The first big bang in 2012
The big bang in artificial intelligence (AI) marks a breakthrough in 2012, when a team of researchers led by Geoff Hinton trained an artificial neural network (called a deep learning system) to win an image classification competition by a surprising margin. . Before this, AI did some remarkable feats, but it didn’t make much money. Since 2012, AI has helped big technology companies make enormous fortunes, not least from advertising.
Second Big Bang in 2017?
Has there been a new big bang in AI since Transformers came out in 2017? In episodes 5 and 6 of the London Futurist Podcast, Alexa Gordic explores this question and explains how today’s cutting-edge AI systems work. Alexa is an AI researcher at DeepMind and previously worked on the Microsoft HoloLens team. Remarkably, his AI skill is self-taught – so there’s still hope for us all!
Transformers are deep learning models that process inputs expressed in natural language and produce outputs such as translations or summaries of texts. Their arrival was announced in 2017 when Google researchers published a paper called “Attention is All You Need.” The title refers to the fact that transformers can “attend” to a large corpus of text simultaneously, whereas their predecessors, recurrent neural networks, could only attend to symbols on either side of the segment of text being processed.

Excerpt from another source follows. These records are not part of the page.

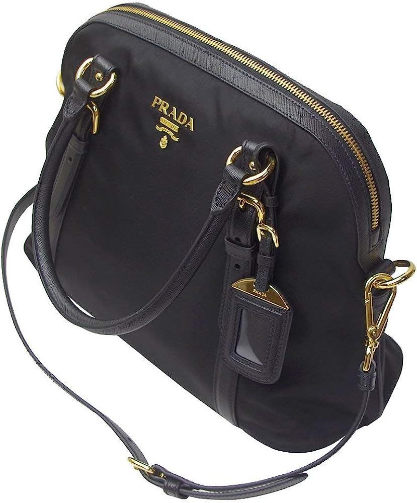 Gold hardware and gold Prada logo featured on the front.
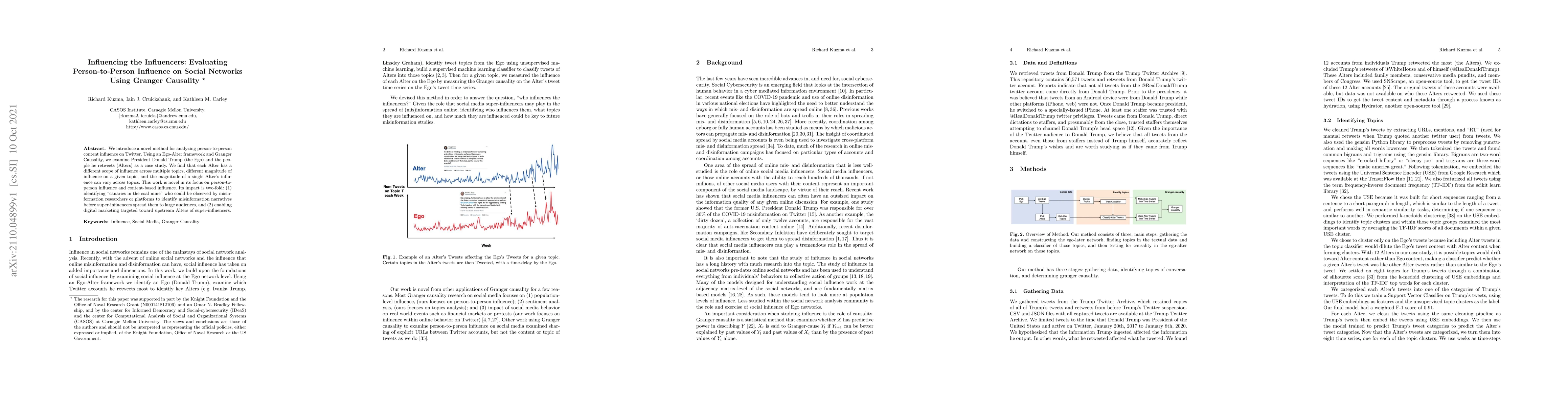 We introduce a novel method for analyzing person-to-person content influence on Twitter. Using an Ego-Alter framework and Granger Causality, we examine President Donald Trump (the Ego) and the people he retweets (Alters) as a case study. We find that each Alter has a different scope of influence across multiple topics, different magnitude of influence on a given topic, and the magnitude of a single Alter's influence can vary across topics. This work is novel in its focus on person-to-person influence and content-based influence. Its impact is two-fold: (1) identifying "canaries in the coal mine" who could be observed by misinformation researchers or platforms to identify misinformation narratives before super-influencers spread them to large audiences, and (2) enabling digital marketing targeted toward upstream Alters of super-influencers.
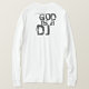 O deus é um DJ. Texto pequeno na parte dianteira e grande na parte traseira. Um t-shirt pesado longo-sleeved realmente legal para aqueles que pense o deus é um DJ. Vestir-lo em seu clube local e obtenha-o o DJ e o dancefloor favorito novo.

Transformers work by breaking text into smaller units called tokens and mapping them onto high-dimensional networks – often thousands of dimensions. We humans cannot imagine this. The space we live in is defined by three numbers – or four, if you include time, and we can’t imagine a space with thousands of dimensions. Researchers suggest we shouldn’t even try.
Dimensions and vectors
For transformer models, words and tokens have dimensions. We can think of them as properties or relationships. For example, “male” means “king” and “female” means “queen”. These concepts can be expressed as vectors as arrows in three-dimensional space. The model attributes a probability to a particular token associated with a particular vector. For example, a princess is more likely to be associated with a vector representing “wearing a slipper” than a vector representing “wearing a dog.”
There are different ways that machines find relationships or vectors between tokens. In supervised learning, they are given enough labeled data to represent all relevant vectors. In self-monitored learning, they are not given labeled data and have to find their own relationships. This means that humans cannot necessarily discover the relationships they discover. They are black boxes. Researchers are investigating how machines perform these measurements, but aren’t sure if the most powerful systems are truly transparent.
parameters and synapses
The size of a transformer model is usually measured by the number of parameters it contains. A parameter is analogous to a synapse in the human brain, which is the point where the tendrils (axons and dendrites) of our neurons meet. The first transformer models had a hundred million or more parameters, and now the largest have trillions. This is still smaller than the number of synapses in the human brain, and human neurons are far more complex and powerful organisms than artificial ones.
Not just by text
A surprising discovery a few years after Transformers came out was that they could tokenize not just text but images as well. Google released the first Vision Transformer in late 2020, and since then people around the world have marveled at the output of Dall-E, MidJourney and others.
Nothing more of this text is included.